EXERCISE DETAILS |
Within the listing below, give again exactly the lines between the one containing "Acknowledgements: Throughout the" and the one containing "Отзывы на Набор", inclusive, pictures left aside.
== Segment start ==
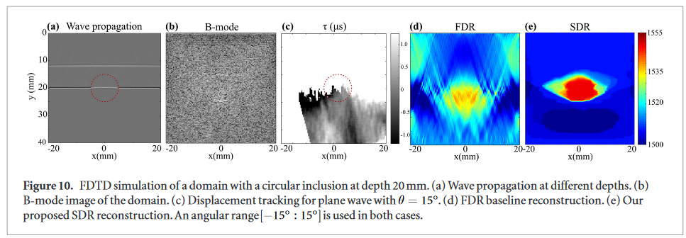 As a more realistic simulation,they performed numerical simulations of wave propagation. A tissue domain of size 45 mm × 40 mm was simulated, where an inclusion of 5 mm radius was located at the depth of 20 mm. The inclusion had a speed-of-sound of 1548 m/s and the background 1515 m/s, which simulated a tumor with 2.2% speed-of-sound contrast. The sampling frequency of the transducer was set to 5 MHz.
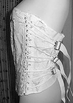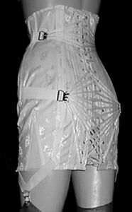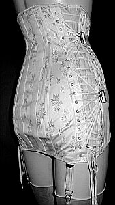 Acknowledgements: Throughout the text in this article, I had intended to use illustrations from our own archives. However, I soon realised that these archives had completely missed some of the most beautiful and elegant corsets procured by the vendors that sell via Ebay auctions. These garments were quite an education to me and this page would be a far poorer place to visit without them. I would like to thank Cherry-Tomatoe, Lyn Locke, and Trishypoo for their generous permission to use these photographs. I have tried to credit the photographs accordingly using their initials. Their web and auction sites are a wealth of information for a researcher who believed that such garments existed only in her memory and the few remaining catalogues of that period.
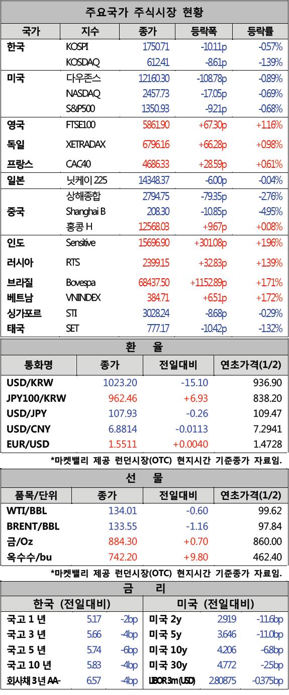17일 한눈에 알아보는 전세계 주요시장 현황
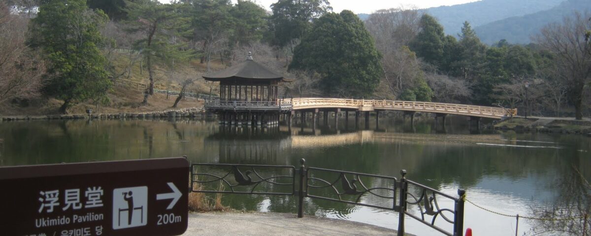 מקום מנוחה בצורת משושה יושב מעל שפת בריכת Sagiike בפארק נארה. הנוף של אסג'יגארה ברקע יפהפה. האזור נצבע על ידי פריחת דובדבן באביב ועלי השלכת בסתיו.
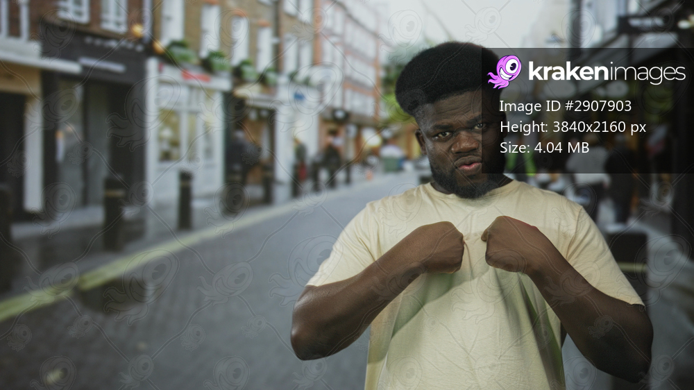 Young african american man points finger to chest on busy city street wearing beige t shirt with focused expression; confidence.
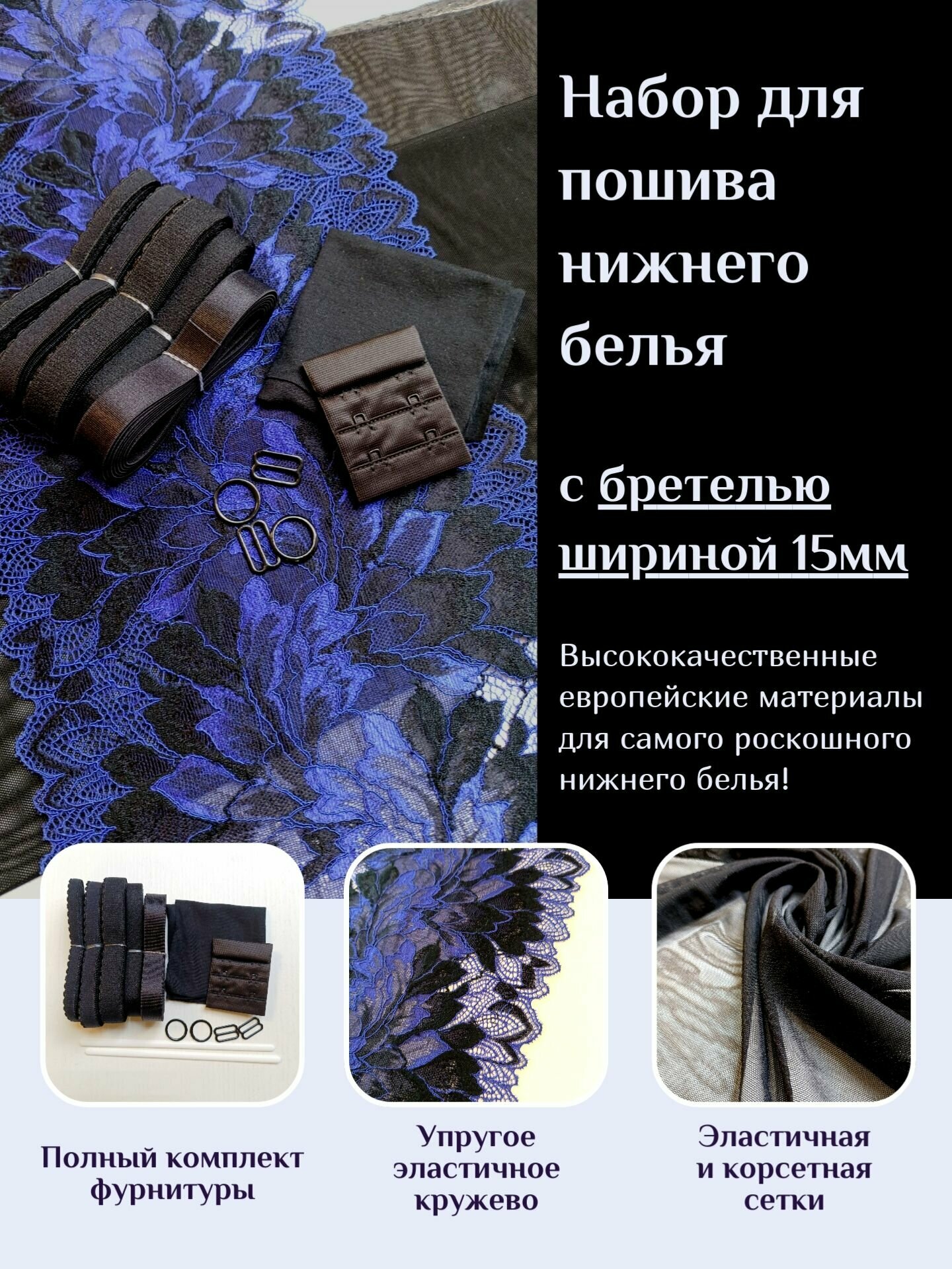 Отзывы на Набор для пошива нижнего белья с бретелью 15мм, василек с черным
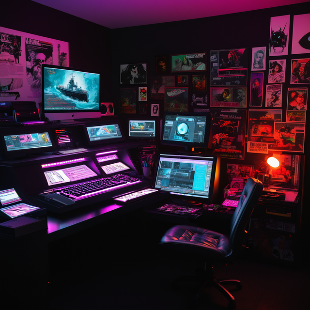 #80s #90s #ai #conceptart #cumputer #cyberpunk #digitalart #droids #electro #electronic #fantasy #gadgets #home #magic #music #neonlights #room #soundsystem #studio #synths #techno #visualart #synthwave #openai #leonardoai
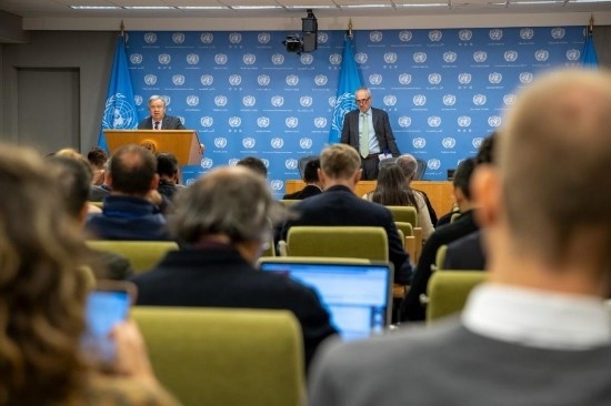 10月9日,在位于紐約的聯(lián)合國總部,聯(lián)合國秘書長古特雷斯(后左)在記者會(huì)上就巴以局勢發(fā)表談話。新華社發(fā)(聯(lián)合國供圖/保羅·菲爾蓋拉斯攝)
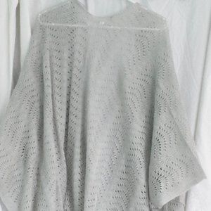 This knit kimono is perfect to throw on over a t shirt in any season. It's lightweight and flowy. It's a beautiful silvery-blue color with lots of detailing in the knit. It's very soft and comfortable.
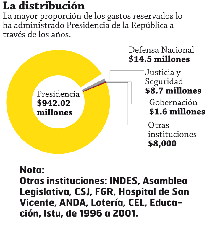 De los $966.9 millones destinados a gastos reservados en el Estado durante los 22 años analizados, $942 millones fueron fondos disponibles para la Presidencia de la República, $14.5 millones para Defensa Nacional, $8.7 millones para Justicia y Seguridad, y el resto para las demás instituciones.
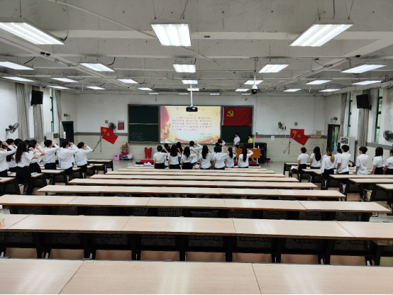 最后,在庄严的党旗下,由彭思敏同志领誓,预备党员宣读入党誓词,与会师生党员重温了入党誓词,本次通表转正大会圆满落幕。
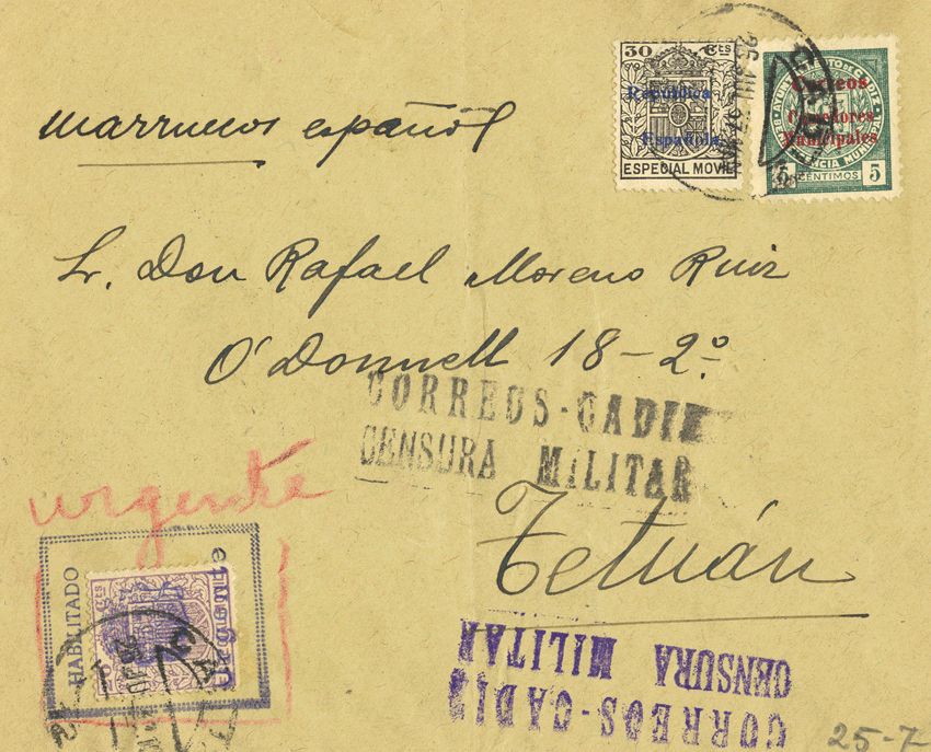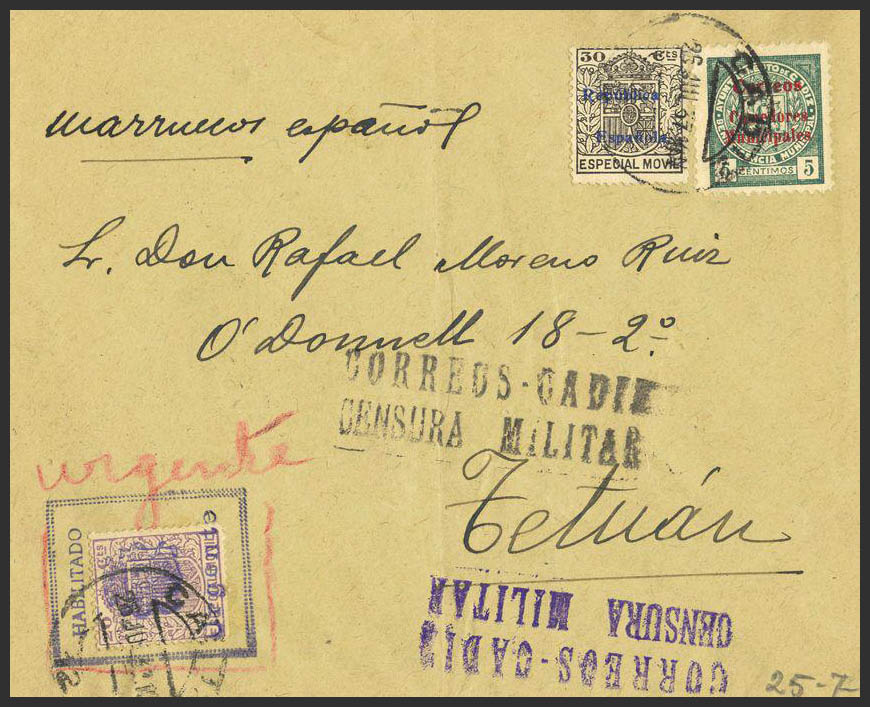 Fis 45. 1937. 30 cts black MOBILE and stamp ENABLED / URGENT. Certificate from CADIZ to TETUAN. On the back transit and arrival. MAGNIFICENT AND RARE.
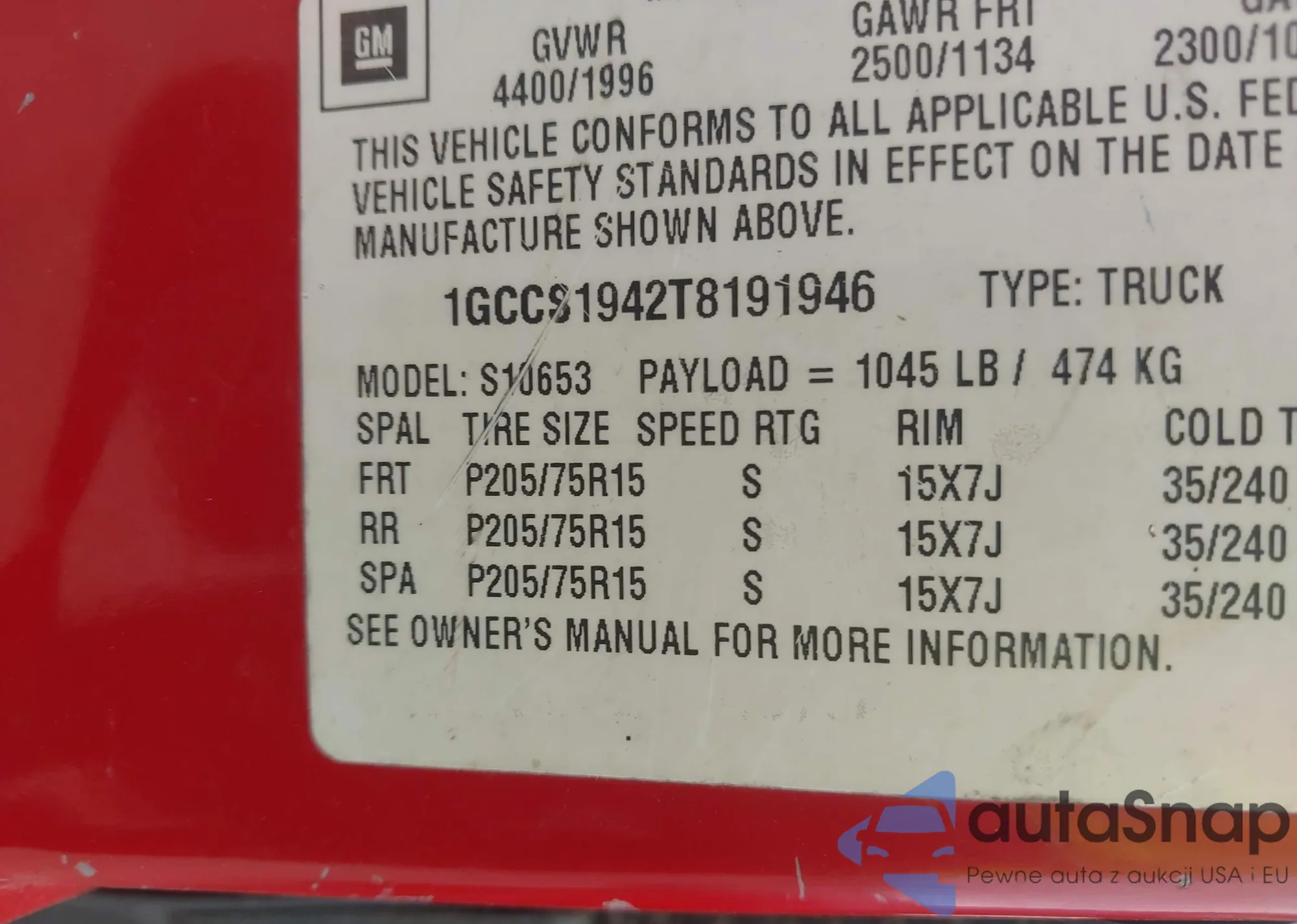 • VIN: 1GCCS1942T8191946
== Segment end ==
RESPONSE TO THIS TASK |
 Acknowledgements: Throughout the text in this article, I had intended to use illustrations from our own archives. However, I soon realised that these archives had completely missed some of the most beautiful and elegant corsets procured by the vendors that sell via Ebay auctions. These garments were quite an education to me and this page would be a far poorer place to visit without them. I would like to thank Cherry-Tomatoe, Lyn Locke, and Trishypoo for their generous permission to use these photographs. I have tried to credit the photographs accordingly using their initials. Their web and auction sites are a wealth of information for a researcher who believed that such garments existed only in her memory and the few remaining catalogues of that period.
17일 한눈에 알아보는 전세계 주요시장 현황
 מקום מנוחה בצורת משושה יושב מעל שפת בריכת Sagiike בפארק נארה. הנוף של אסג'יגארה ברקע יפהפה. האזור נצבע על ידי פריחת דובדבן באביב ועלי השלכת בסתיו.
 Young african american man points finger to chest on busy city street wearing beige t shirt with focused expression; confidence.
 Отзывы на Набор для пошива нижнего белья с бретелью 15мм, василек с черным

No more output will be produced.